## Midterm Project

#### Music 159: Computer Programming for Music Applications
#### Daniel Suryakusuma, UC Berkeley

Prompt:
"The second part is an assignment, for a total of 65% of the grade (there is 5% in excess). Please choose one of two possible tracks. 

A: Compose an acusmatic piece (electronics only) using only the tools developed during this course: convolution in Python and heterodyne, cross-synthesis and spectral freeze in Max. Please provide a document that explains your compositional process. 

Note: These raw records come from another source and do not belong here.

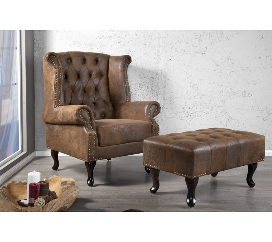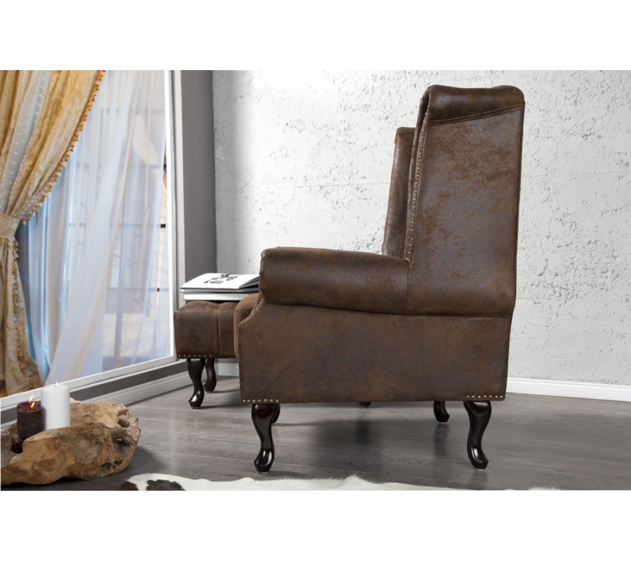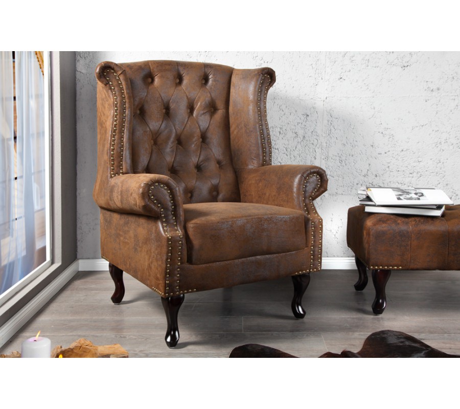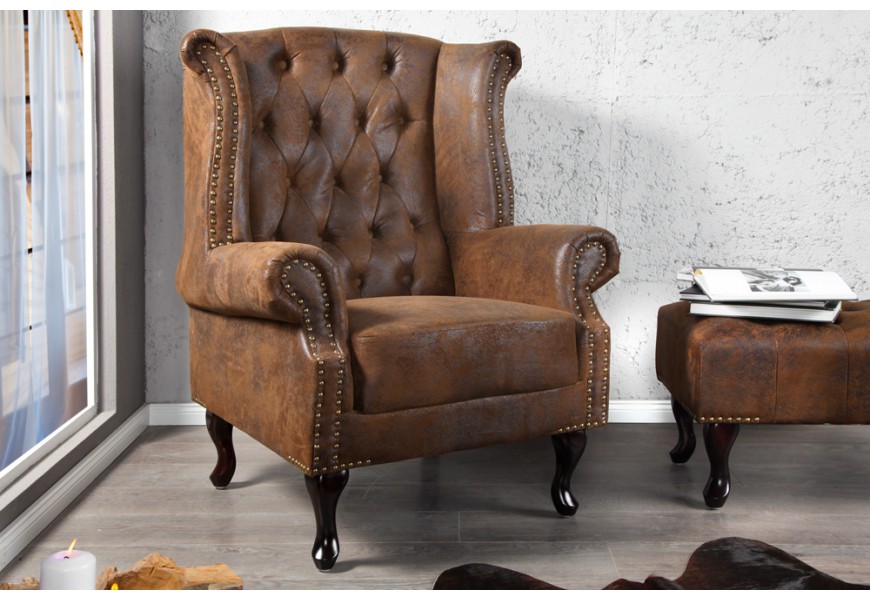 ►Kreslá ►Dizajnové a luxusné kreslá do pracovne a kancelárie ►Chesterfield sedačky ►Kolekcia Chesterfield sedačiek a kresiel ANTIK ►Ušiak ►S nožičkami ►Čalúnený - Koža ►Čalúnený - Poťahová látka ►Hnedá ►S opierkami ►Kreslá ušiak ►Kožené kreslá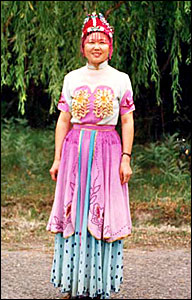 服飾 シボ族の人たちの服裝は満州族の影響が大きい。男性は左右にスリットの入った中國伝統(tǒng)スタイルの長衣と短衣を著ている。女性は長いチャイナドレスを著、刺繍模様のある靴を履き、耳環(huán)、腕環(huán)、指環(huán)などの裝飾品をよくつけている。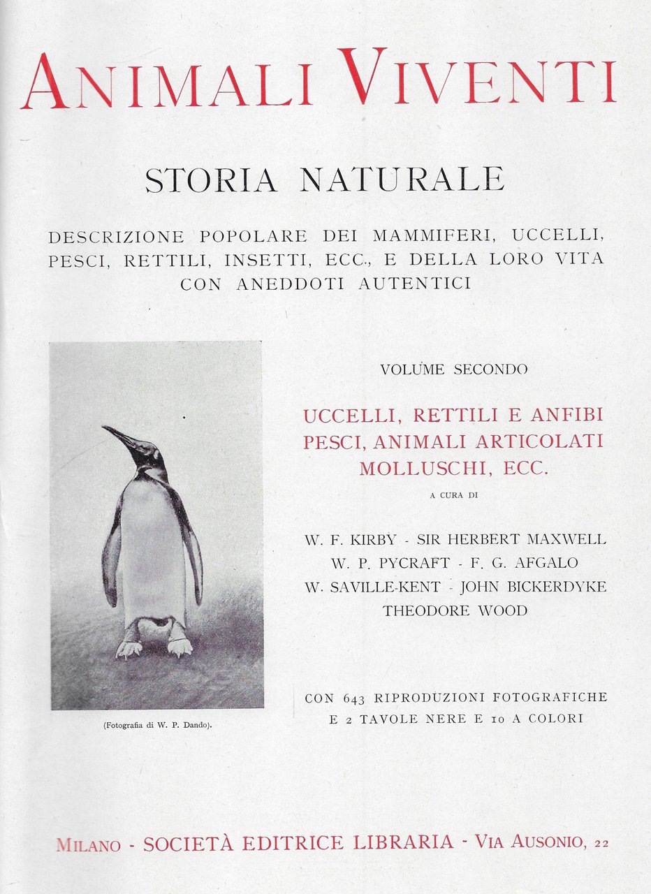 Volume secondo: "Uccelli, Rettili e Anfibi, Pesci, Animali articolati, Molluschi, ecc.", con 643 riproduzioni fotografiche in bianco e nero n.t., 2 tavole nere e 10 tavole a colori con velina protettiva f.t.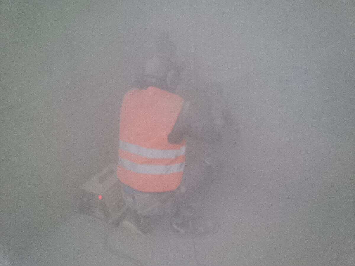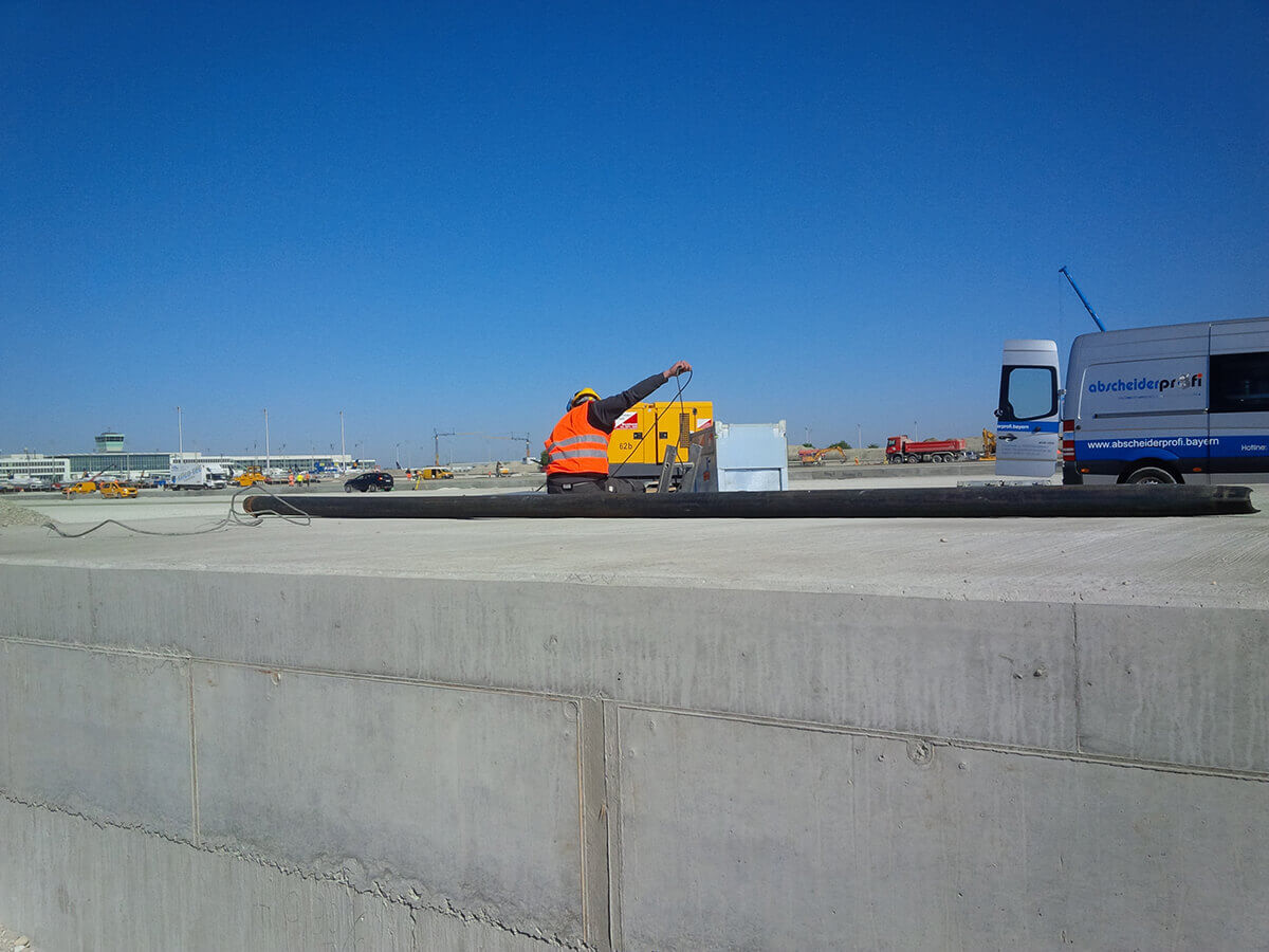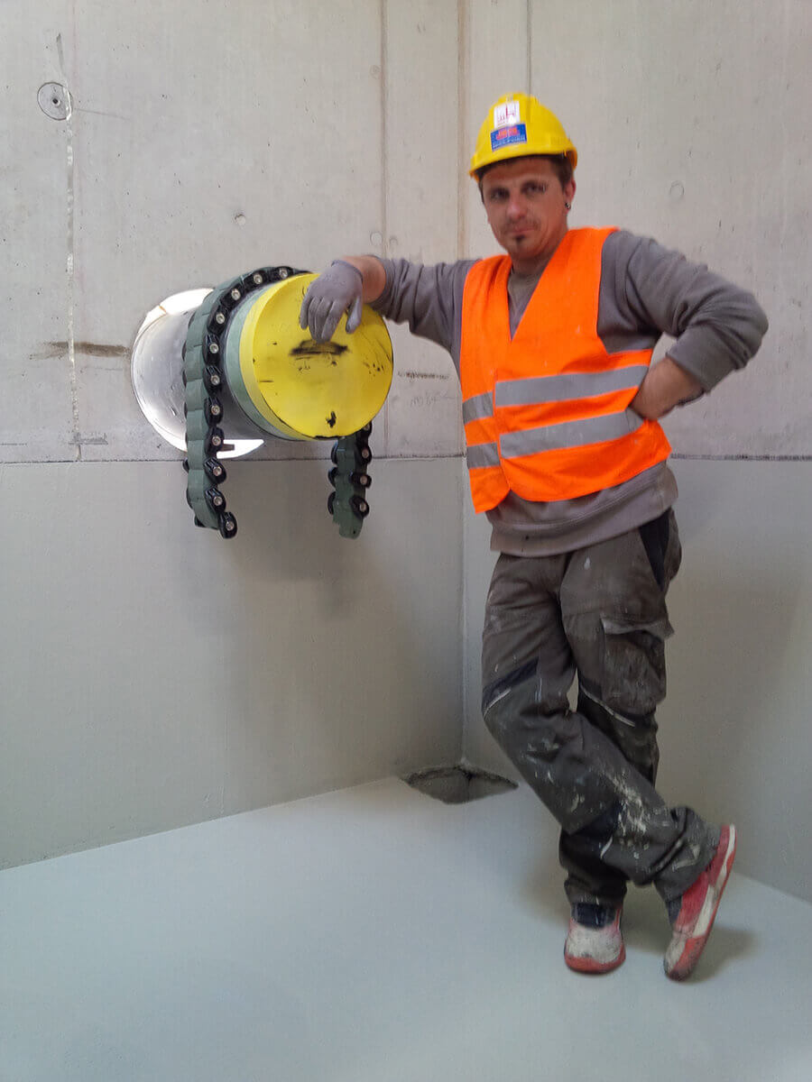 Detailbild: Monteur beim Abschleifen der WHG Fläche

B: Create a new software for sound processing (in Python or Max) by combining the algorithms explained in the course: `convolution`, `deconvolution`, `heterodyning`, `cross-synthesis`, `spectral freeze`. Please provide a short document that explains your software and the source code."

Let's build some music software in Python!

Let's start by importing existing code that we've already used earlier this semester. 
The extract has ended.